In complex litigation, a settlement administrator is supposed to act as the final line of defense for the class. But many legacy administrators continue to operate with a toolkit designed for the 1990s. Applying "napkin and pencil" math to a Big Data problem creates results that are, at best, inefficient, and, at worst, can prove catastrophic to the settlement and class members’ hopes of recovery.

Below, we break down the most common data science failures in traditional claims administration and how they compromise the integrity of the class.

1. Using "Black Box" Confidence Scores

In response to widespread claims fraud, legacy administrators recently started using third-party "confidence scores" to flag fraud. While this sounds technical, it actually creates a significant liability. Not only are they often ineffective at catching fraud, these scores often rely on undisclosed black box technology that cannot be explained in a deposition. If you cannot describe the methodology behind a denied claim, you cannot defend it to a judge. Modern litigation requires total transparency where every decision is grounded in repeatable and documented logic.

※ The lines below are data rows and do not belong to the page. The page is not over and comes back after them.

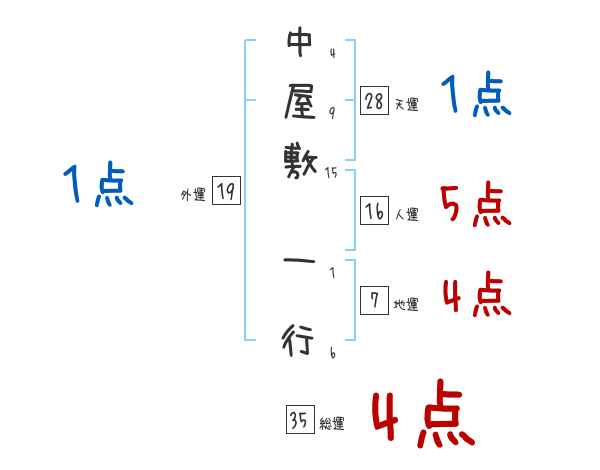 人運![]() | 中屋敷一行さんの人運は16画の5つ星!人望が厚く大きく発展する。逆転成功が見える。 性格や才能などを表す2番目に重要な運勢です。人間関係や協調性、社会的な成功に影響します。主に20歳から50歳ぐらいまでの中年期の運勢を表します。 |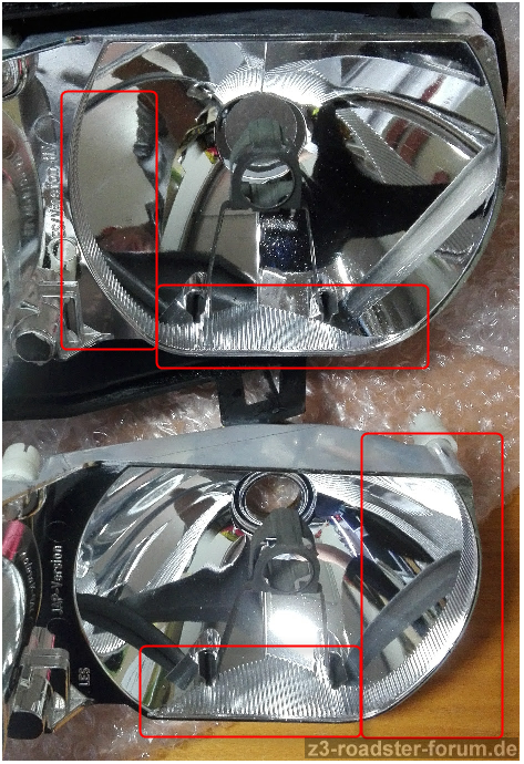 Die Bauart des Z3 Scheinwerfer nennt man Paraboloid-Scheinwerfer. Er besitzt zwei wichtige Bauteile die hier zur Identifizierung des Linkslenker (LHD) oder Rechtslenker (RHD) Scheinwerfers dienen.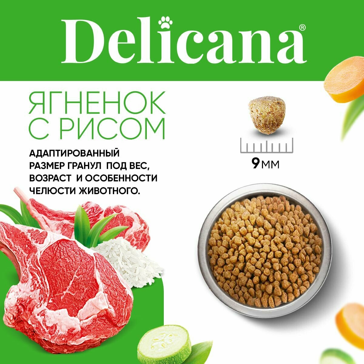 Сухой корм Delicana для щенков мелких пород, ягненок с рисом, 8 кг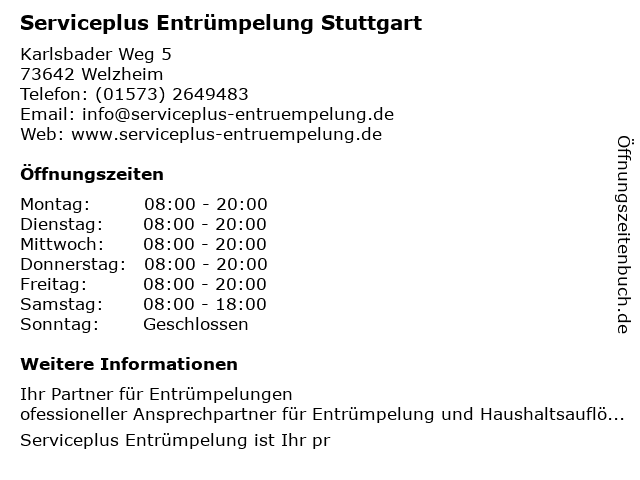 Branchen & Suchbegriffe zu Serviceplus Entrümpelung Stuttgart:büroauflösungen, entrümpelung, entsorgungsdienste, gewerbeauflösungen, kreative wohnlösungen, serviceplus |

2. Neglecting Data Enrichment and Identity Resolution

Data produced by the defense is rarely complete or directly tied to actual people. Success requires knowing how to ask for the right data points. Details such as Persistent IDs, timestamps, and device IDs are essential, yet are not always obvious. Beyond knowing what to ask for, allowing the data to arrive fragmented then using enriched data to fill in the gaps will yield the strongest, most defensible result.

This data science practice allows you to conduct independent identity resolution rather than relying on the defense to provide a finished list, when they often don’t have all of the necessary data or resources to resolve the class in a way that fulfills the case objectives. If you lack the facility to enrich the data, you essentially allow these data gaps to dictate outcomes that are less than optimal for the class.

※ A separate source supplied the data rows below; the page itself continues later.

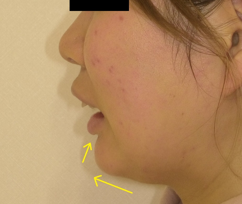 主に下の奥歯が倒れていて下顎が深く噛み過ぎていて、矢印のように顎が上を向いている+唇を押し込んでいるような状態です。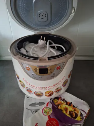 Robot de cocina Moulinex Maxichef multifunción, ideal para preparar una gran variedad de platos. Muy poco uso. - Programas para arroz, pescado, sopas, cereales, cocción rápida y lenta. - Función vapor y postres. - Panel de control intuitivo con pantalla digital. - Botones de inicio, detener y ajuste.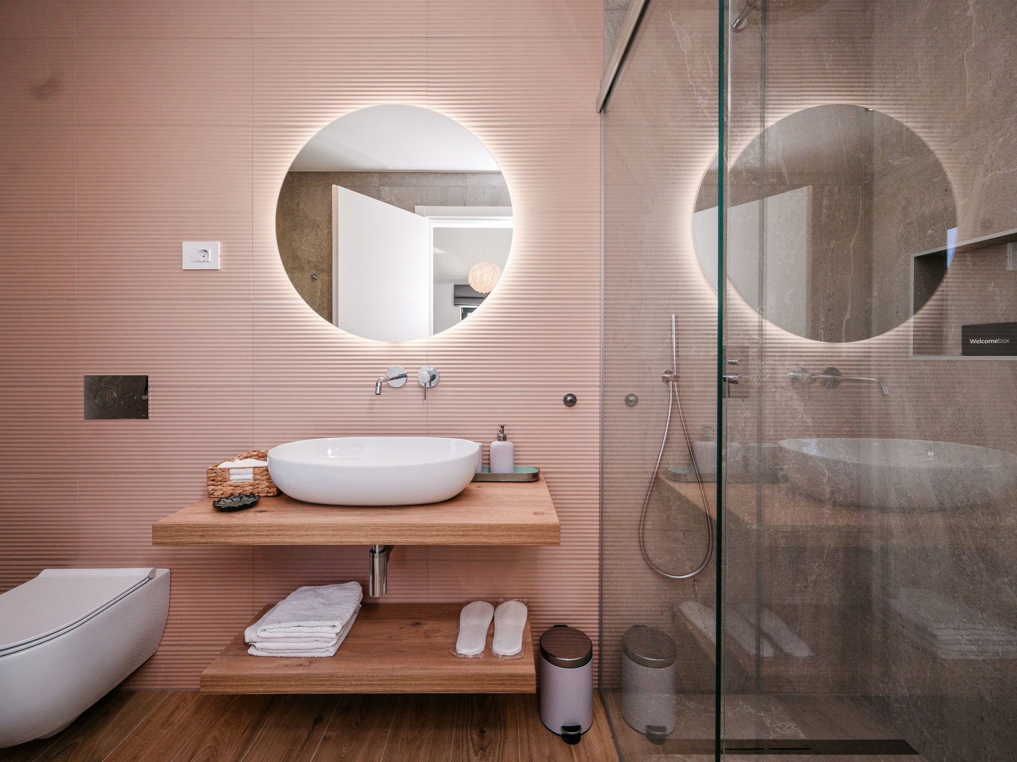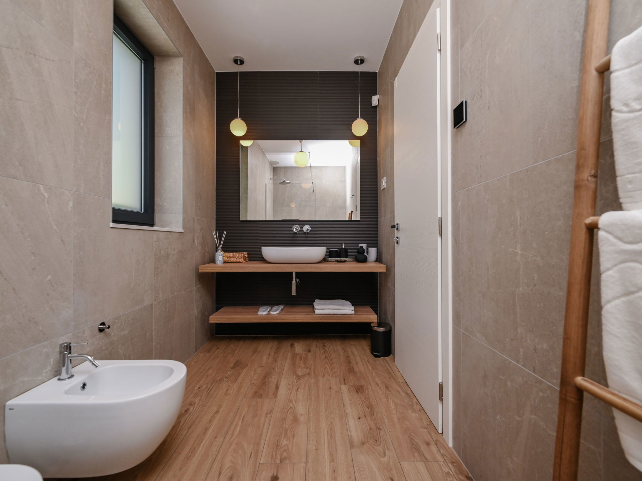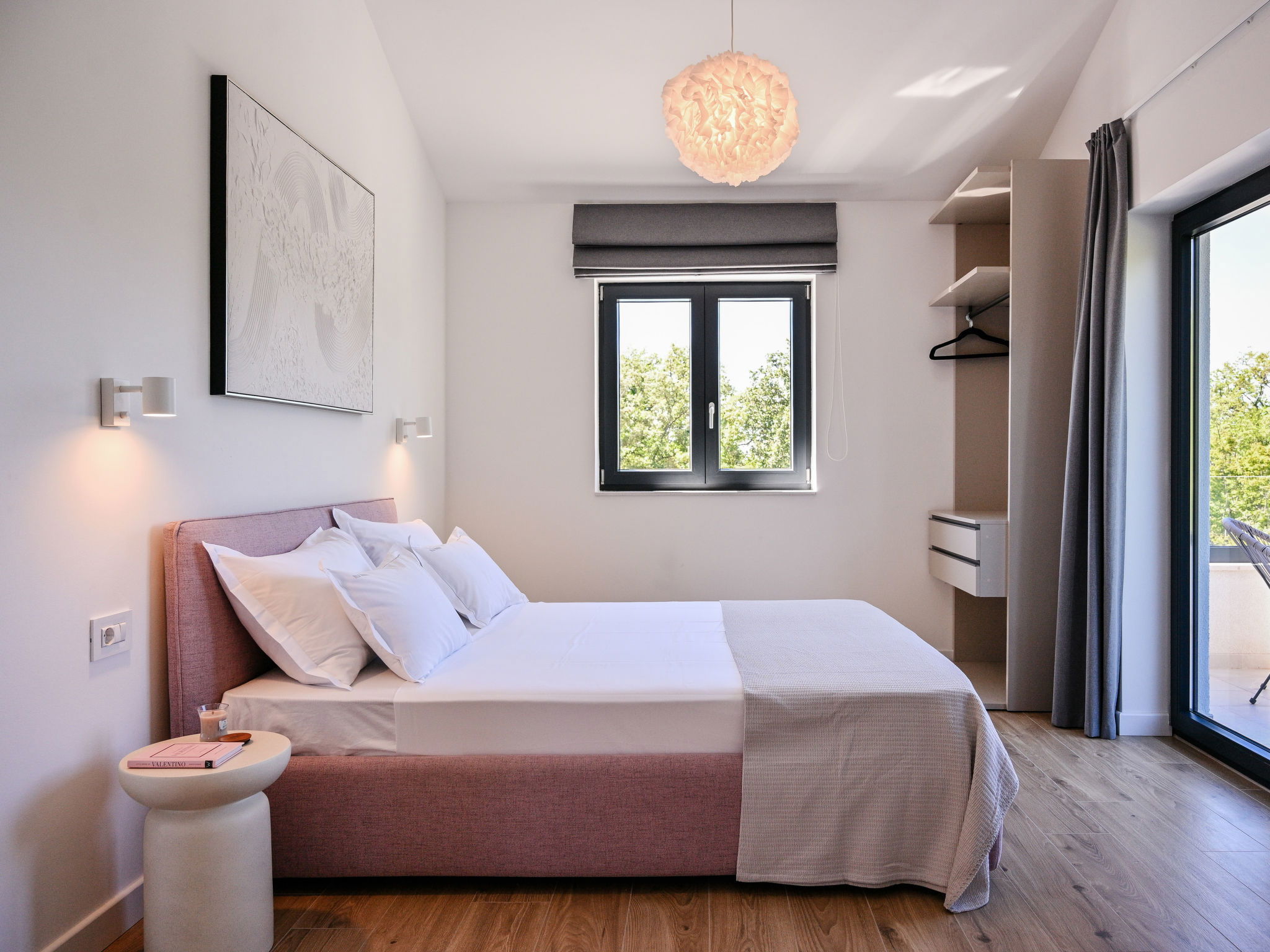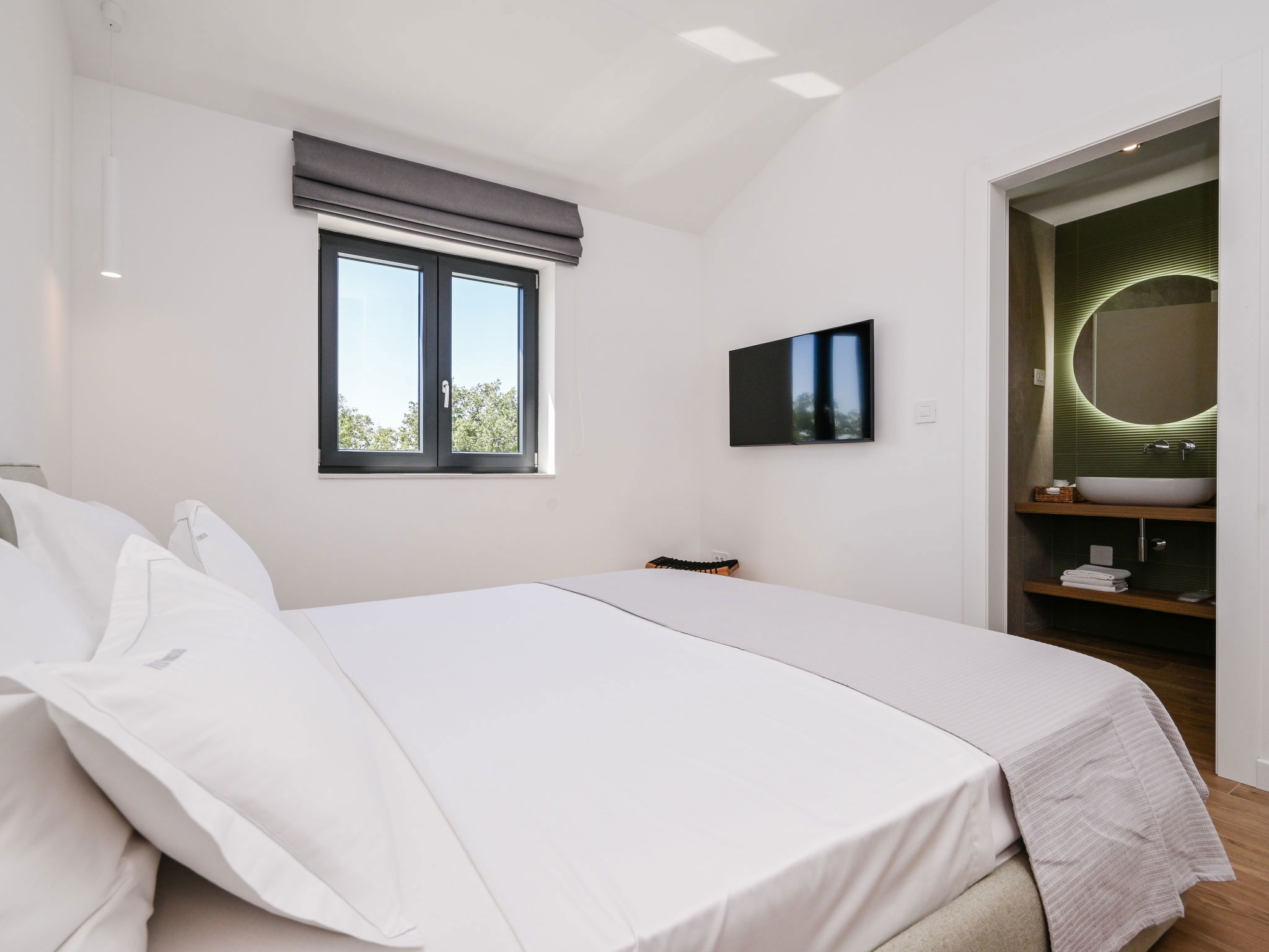 Kras: Modern, luxurious villa "Vonskari", 2 storeys, built in 2025. 3.5 km from the centre of Dobrinj, 7 km from the centre of Malinska, 8 km from the centre of Krk, 6 km from the sea, 6 km from the beach, in the countryside. Private: property 1'177 m2 (fenced), well-kept garden with lawn, swimming pool angular, heated (50 m2, depth 140 cm, seasonal availability: 25.Apr. - 01.Oct.) with internal staircase and salt-electrolysis pool-cleaning system. WC in the pool area, outdoor shower, pool house with fridge, WC and cooking stove, garden furniture, barbecue, pool maintenance by the owner/gardener. In the house: internet access, air conditioning, washing machine. Parking (for 3 cars) at the house on the premises. E-charging station. Shop 500 m, supermarket 5 km, bus stop 500 m, pebble beach 6 km. Please note: airfield 20 km from the property.

3. Manual Review for Bot-Scale Problems

Traditional administrators often tout "anti-fraud teams" consisting of human reviewers looking at spreadsheets. In a recent case, an administrator's manual review was nearly 100% wrong, meaning almost every claim they approved was a fraudulent bot claim while rejecting nearly all of the valid human claimants. Humans cannot spot the behavioral patterns of sophisticated "fraud farms" or automated scripts. Only data enrichment and foundational data science can distinguish fraudulent claims from valid ones  at this scale.

4. Applying Inconsistent Fraud Logic

Without a centralized data science foundation, different reviewers often apply different criteria to similar claims. This inconsistency leads to valid claims being rejected and fraudulent claims being approved, usually resulting in diluted recoveries where the class fund is drained by errors. Accuracy is a fiduciary duty. Using a systems-engineering approach ensures that the same logic applies to every claim every time with a full audit trail for the court.

5. Engaging in "AI-Washing"

The legal industry is currently flooded with "AI-washing." Administrators quote advanced tools in their marketing materials that they do not actually use in their internal workflows. There is a definitive line between using a chatbot to summarize an email and using data engineering to find truths in 15 million records. If your administrator cannot explain the difference between structuring unstructured data and performing deterministic identity resolution, they are selling you a buzzword.

Today, complex litigation means dealing with complex, large-scale data. Too many administrators are relying on ineffective, legacy approaches as opposed to defensible data science. And courts are increasingly demanding that lawyers spot the difference.

6. Blocking VPN Users as a "Security" Measure

Privacy-conscious users make up a significant portion of the population. Yet many legacy administrators simply block all VPN traffic to stop bots. This lazy solution creates an ethical trap for the plaintiff firm. It forces class members to choose between their digital privacy and their right to a claim. A true fraud stack will include frontend tools to stop bots, and a data science approach to identifying sophisticated fraud that bypasses frontend tools, without penalizing humans who value their security.